The current house-like atmosphere of the Westminster site will be preserved in two architecturally thrilling open plan corpuscules, where residents can flow freely between their bunk beds, the toilet and the food troughs. To celebrate both the old and the new sites, these will be named the Hangar of Commons and the Hangar of Lords.

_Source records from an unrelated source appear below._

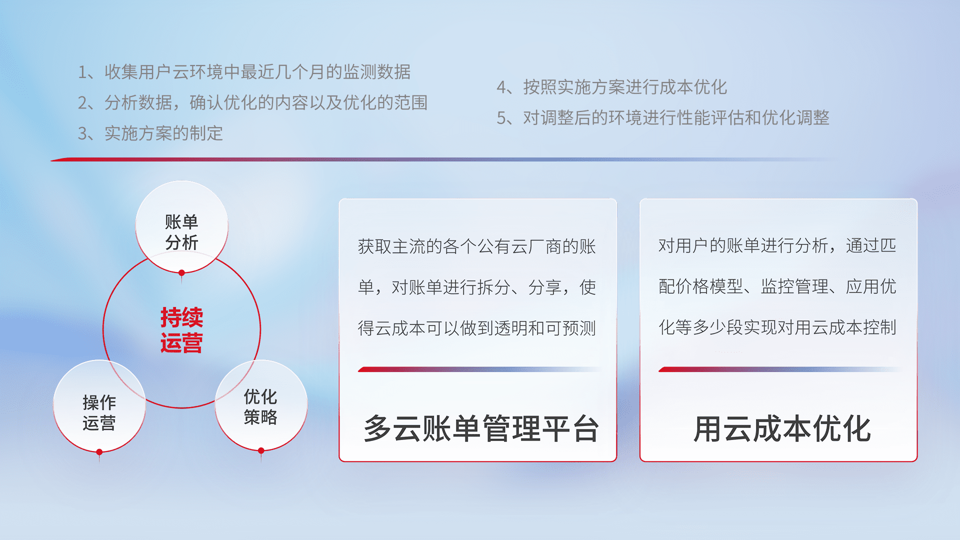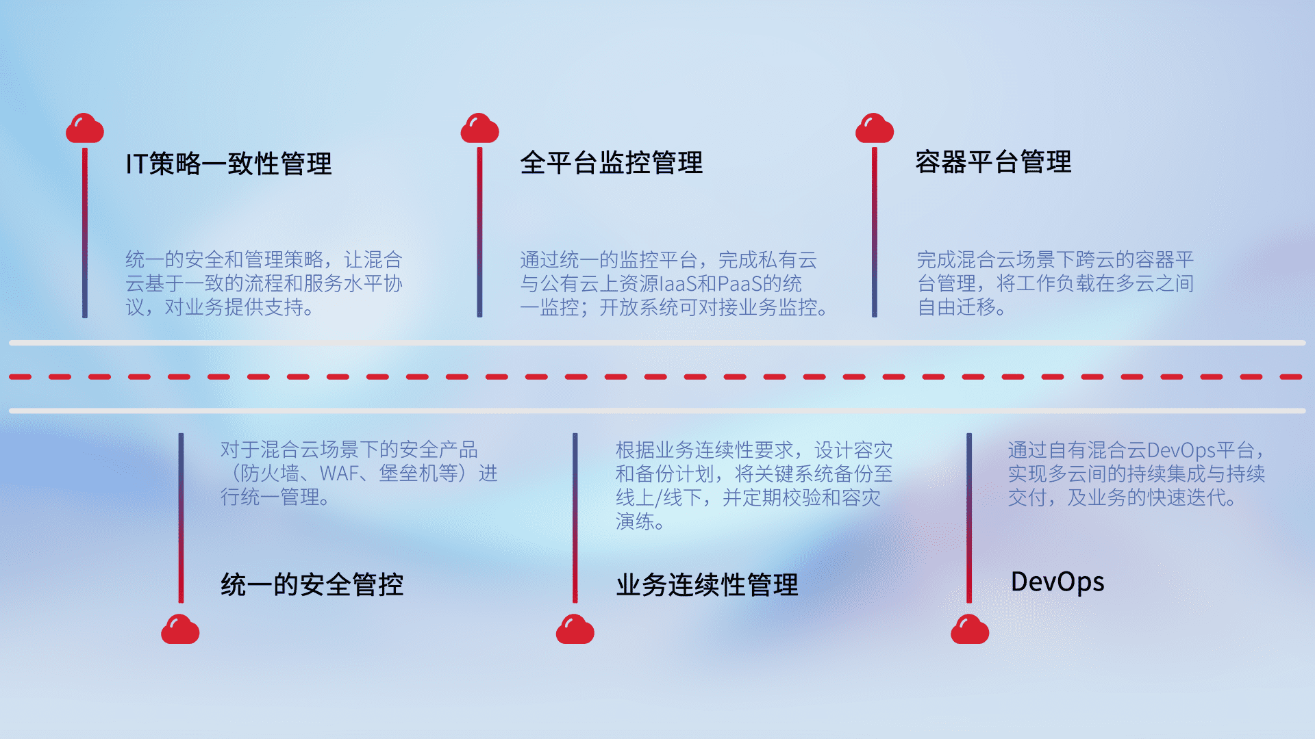 通过多云纳管,,,以统一的资源数据模型把客户的云资源进行抽象和封装,,,,进而实现对多云资源的统一操作,,,,保障云资源管理的可靠性、、稳定性与可用性。。。量身定制化运维内容,,,配置、、、、开发运维、、、补丁管理、、、备份、、、、监控、、、认证和访问管理、、、审计和日常巡检等,,,保障在用云过程中的可靠度,,,,稳定度以及高可用率。。
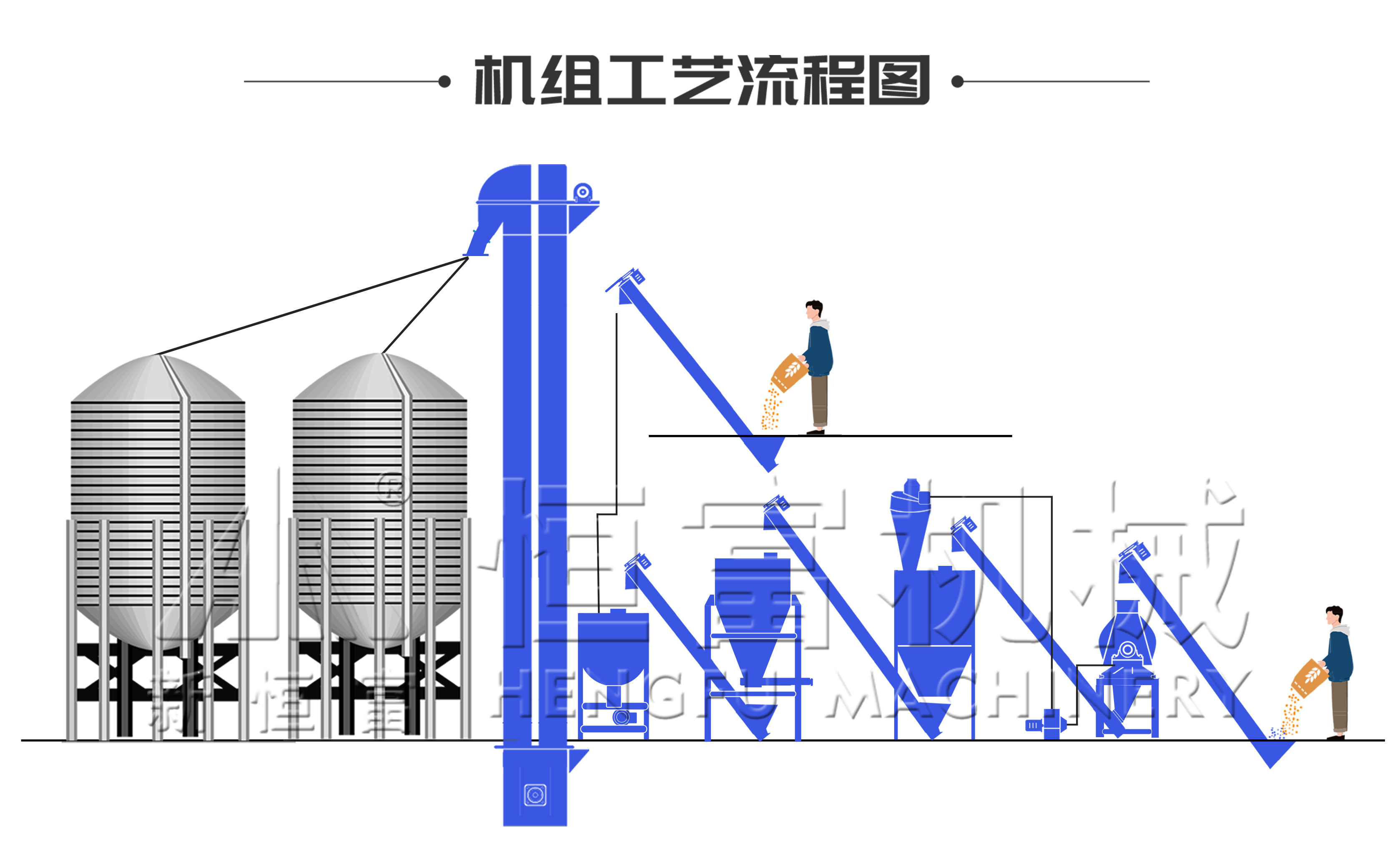 搭配的設(shè)備有水滴型粉碎機(jī)、配料秤、單軸雙螺旋混合機(jī)、提升輸送設(shè)備、除塵除鐵設(shè)備、緩沖倉(cāng)、兩個(gè)20噸成品料塔、電控柜、配件等。
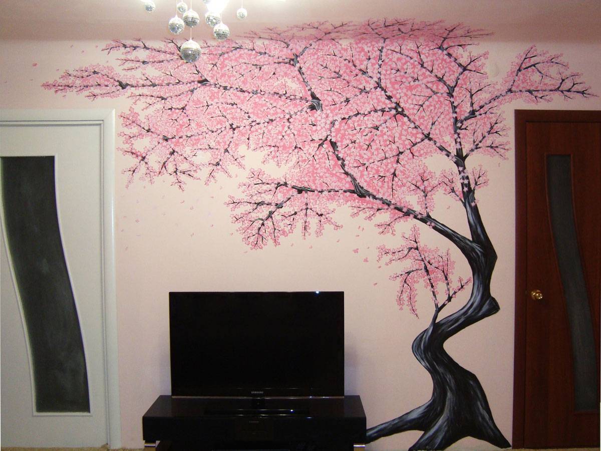 - Для гостиной – рисунок с деревом под порывом ветра, ветка цветущей сакуры, сливы, яблони.
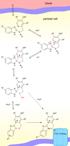 Proton pump inhibitors act by irreversibly blocking the hydrogen/potassium adenosine triphosphatase enzyme system (the H+/K+ ATPase, or, more commonly, the gastric proton pump) of the gastric parietal cells.[70] The proton pump is the terminal stage in gastric acid secretion, being directly responsible for secreting H+ ions into the gastric lumen, making it an ideal target for inhibiting acid secretion. Because the H,K-ATPase is the final step of acid secretion, an inhibitor of this enzyme is more effective than receptor antagonists in suppressing gastric acid secretion.[71] All of these drugs inhibit the gastric H,K-ATPase by covalent binding, so the duration of their effect is longer than expected from their levels in the blood.[72]
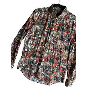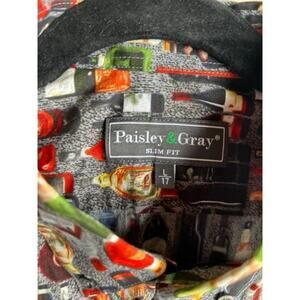 Paisley & Gray Slim Fit Men's Funky Shirt Long Sleeve Wine Print Size Large NEW
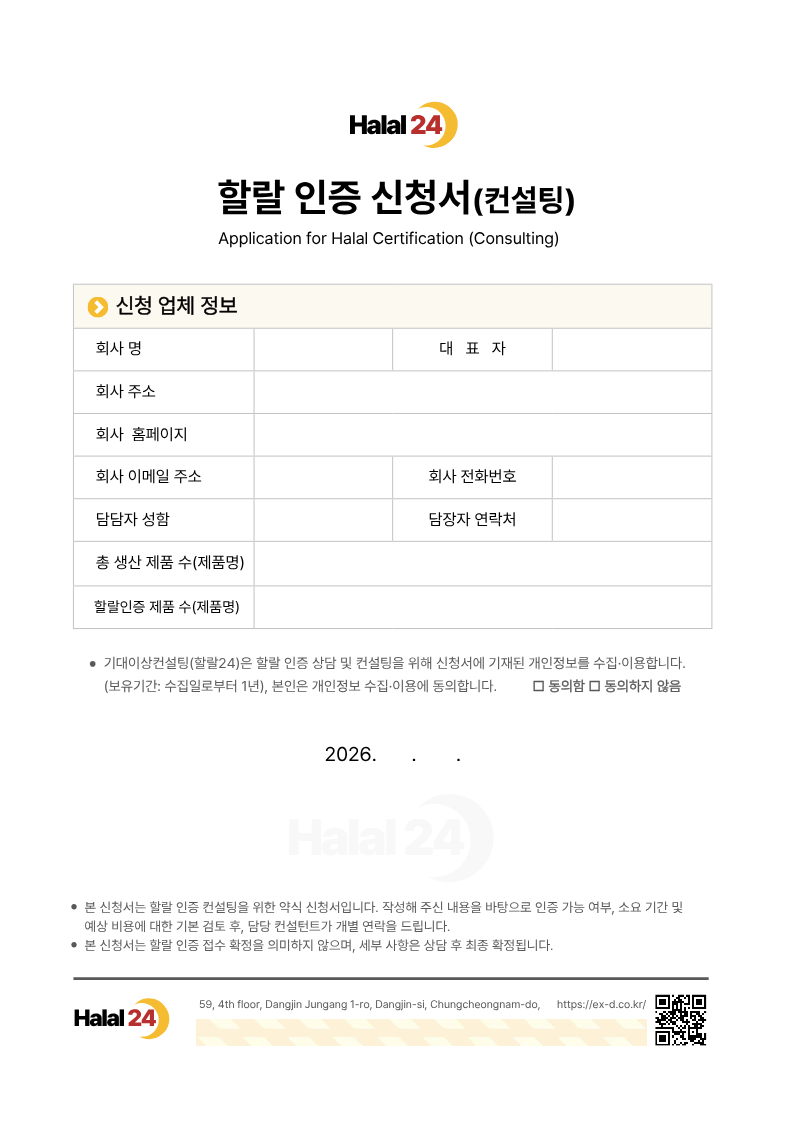 글로벌 할랄인증해외인증 전문 컨설팅 플랫폼 인도네시아 수출을 준비 중이라면,할랄 인증부터 전략적으로 시작해야 합니다. 할랄24는 단순 인증 대행이 아닌,수출·정부지원·해외진출 전략까지 함께 설계하는 전문 컨설팅입니다. 문의 & 상담 바로가기 지원사업 바로가기
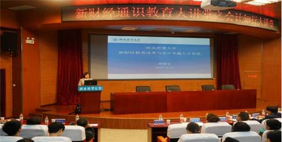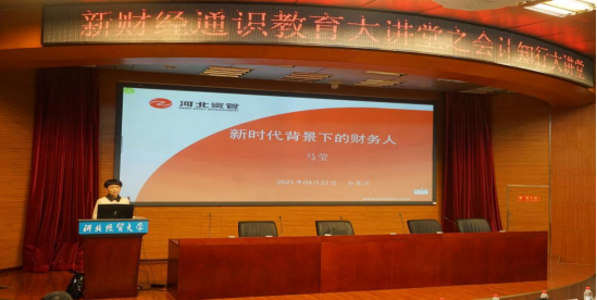 4月21日下午,新财经通识教育大讲堂---会计知行大讲堂在国际学术报告厅举行,公司党委常委、副董事长程瑞芳和河北资产管理公司总会计师马莹分别做了题为“新财经教育改革与会计卓越人才培养”和“新时代背景下的财务人”的主题报告。PA捕鱼官网入口图书馆馆长武占江、副馆长樊俊荣、“会计知行大讲堂”部分实务界讲师和pa捕鱼官方网站220余名师生参加了本次宣讲会。宣讲会由pa捕鱼官方网站经理袁振兴主持。
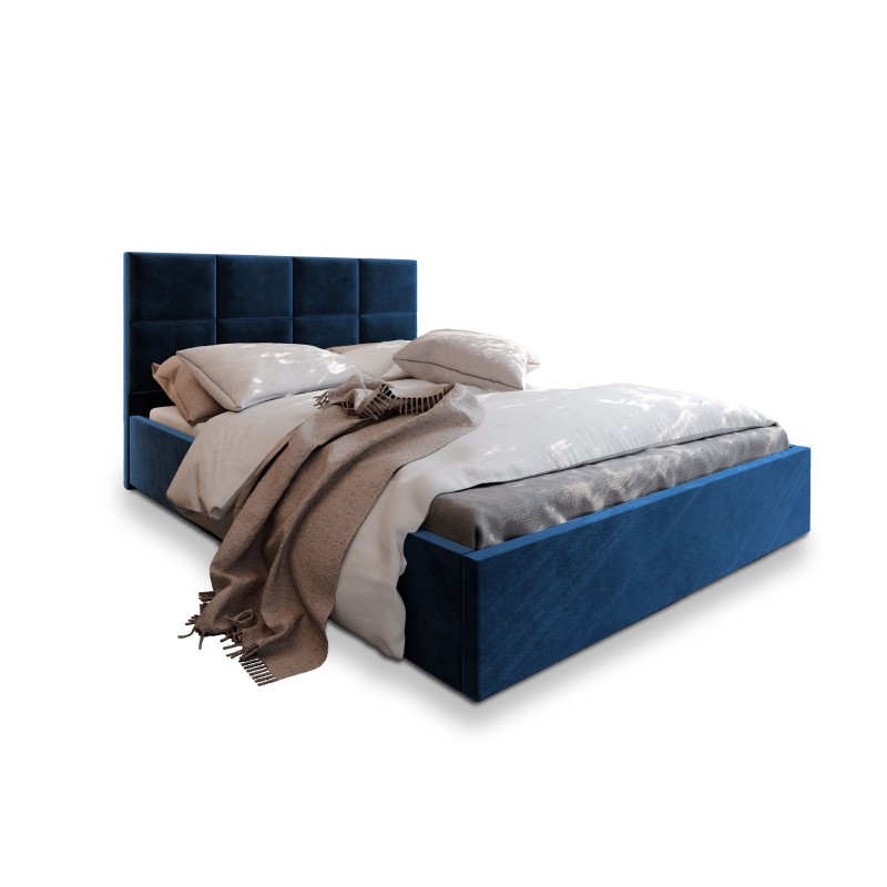 Masseno Łóżko tapicerowane LIMENA z pojemnikiem na pościel 160x200 cm - Niebieski, KRONOS 09
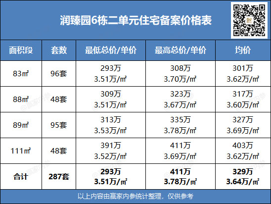 ♦备案产品:287套住宅,户型建面约83-111㎡,备案均价3.64万/㎡

Nissen huts on the site will be preserved in their current states of picturesque dereliction for use as ‘Time To Yourself’ havens of seclusion. Behavioural management will be state of the art, using equine pharmacological transfer technology – in a wholly new development to the UK, Xylazine will be routinely placed into the food troughs and the water supply. Residents will also have the opportunity for vocational training under the exciting new ‘Frack With a Garden Trowel’ scheme and will grow their own food through the ‘That’s a Turnip for the Books!’ programme.
Support from Antisocial Investment Inc (“You’ll believe a vulture can smile”), allied to the sale of the Westminster site and the closure of all ‘constituencies’ and temporary residential placements, will allow Westminster Foundation Trust to be transformed into Saint Binbrook’s Corp. We are confident of the success of this model of provision, and are already exploring further potential sites with the Nuclear Decommissioning Authority.